Blog Details

Solving the dark data problem

Vishal Krishna

A decade ago organisations just discovered the possibilities of crunching data at scale. Punters called it the era of big-data and then began the narrative of crunching structured and unstructured data.

While the narrative shifted to Artificial Intelligence & Machine Learning organisations began to grapple with a larger problem with the explosion of information. They began to store information in digital archives, yet not knowing what to do with them. Today we are living in the era of dark data.

Think of it like Frank Zappa's "Vault" where even to this day there is so much music that musicians and musicologists are discovering new material all the time.

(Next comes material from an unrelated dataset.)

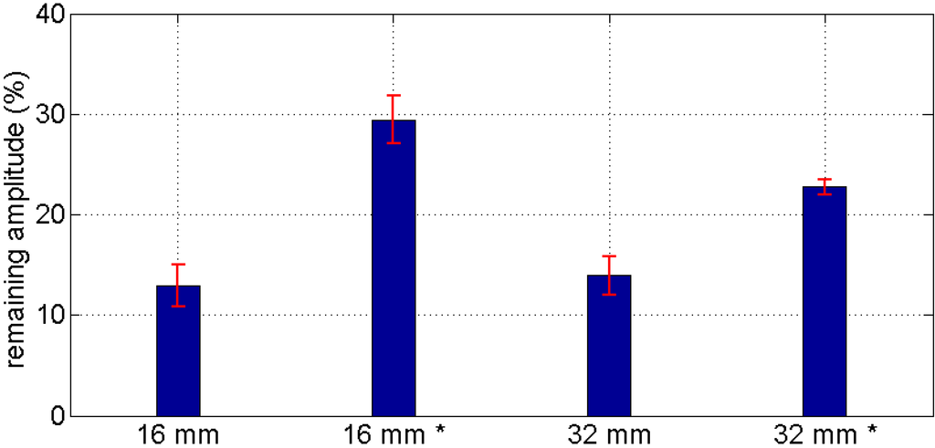 Amplitude ratios between near and far receivers in the attenuation experiment for the two specimens (16 and 32 mm max. aggregate size). The * marks values for transducers installed after concreting.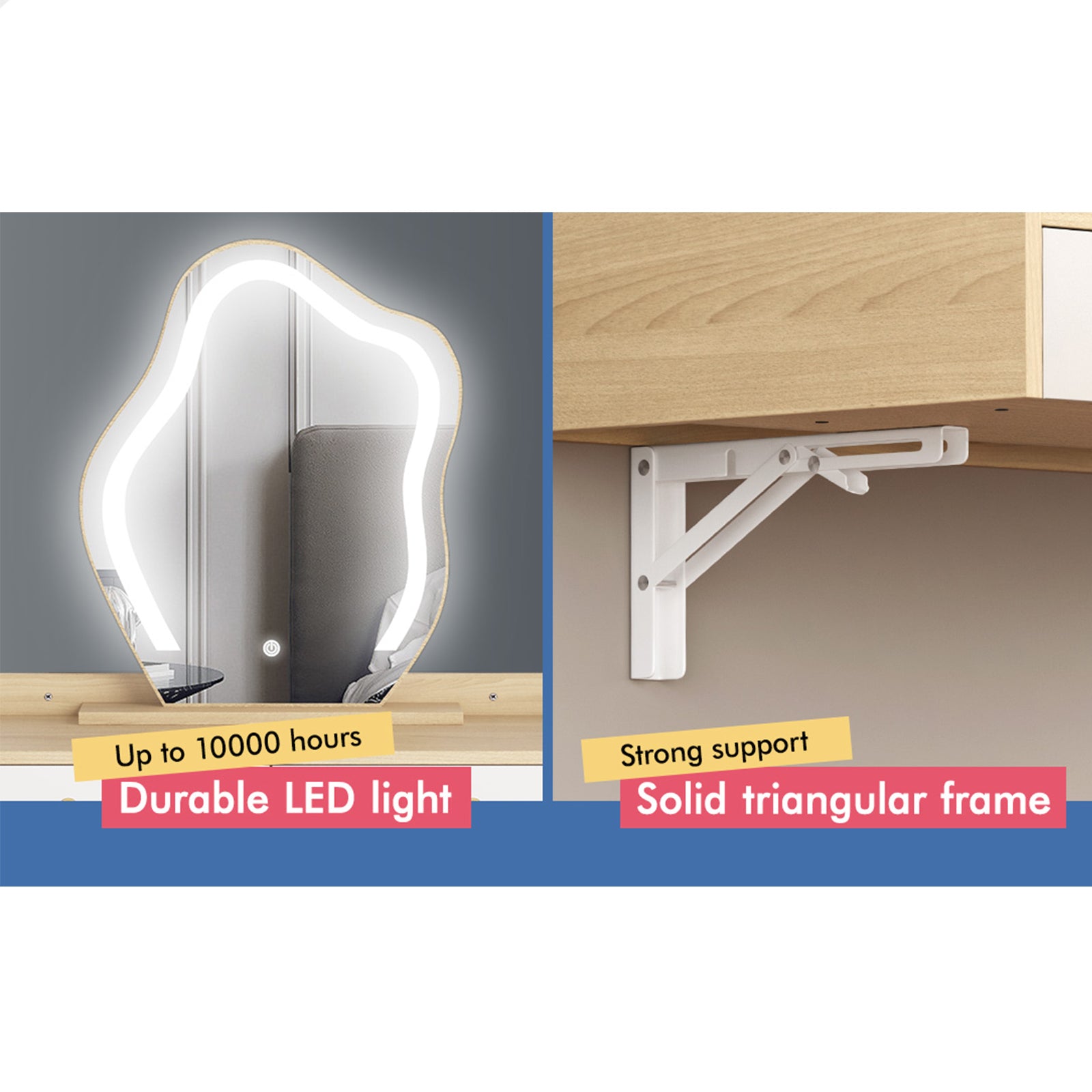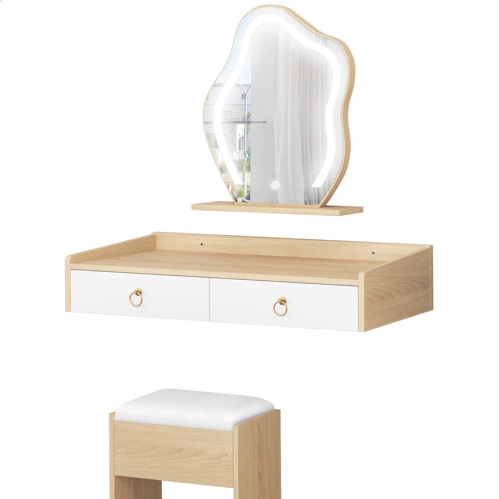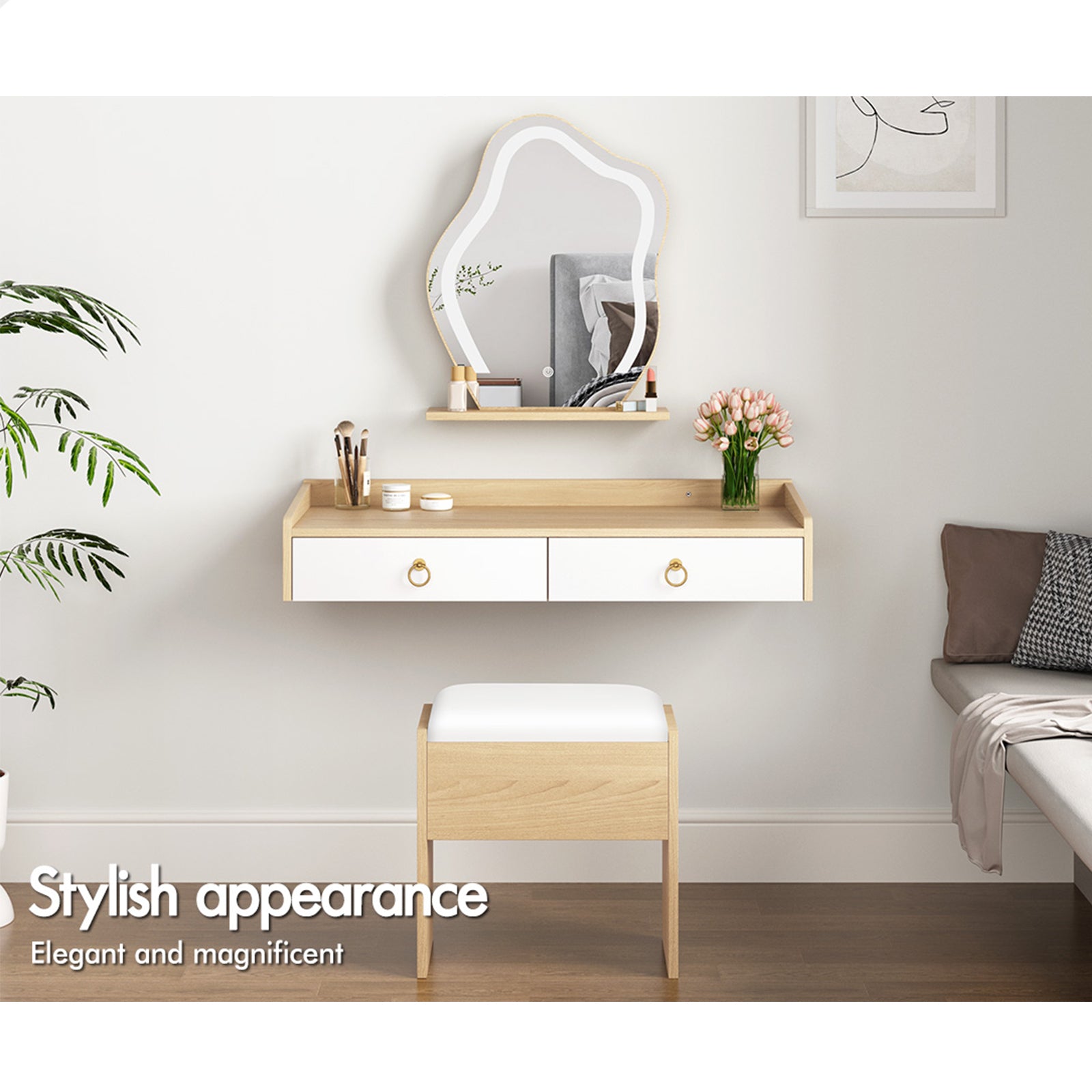 ALFORDSON Dressing Table Stool Set Floating Makeup Mirror LED Vanity Desk Oak

Today, organisations generate so much data, which eventually end up in a vault, waiting for someone to make sense out of them. It's one of the largest business opportunities since big-data & AI technologies have become mainstream globally.

For those who want to know what the technical meaning of dark data is:

Dark data is all of the unused, unknown and untapped data across an organization, generated as a result of users’ daily interactions online with countless devices and systems — everything from machine data to server log files to unstructured data derived from social media.

It is obvious that organisations use AI & machine learning to crunch dark data to put them to good use in business.

IBM's Datacap, Google's Cloud Vision and AutoML, and Microsoft's Azure Cognitive Services are some of the technologies used by dark data practitioners.

Just remember that if you don't use your data, it is prone to security risks and theft, which means you have to invest more in securing items that you don't know what you are doing with. What is sensitive data is stolen - today data sitting in public clouds and stored away can be prone to higher risks of attack.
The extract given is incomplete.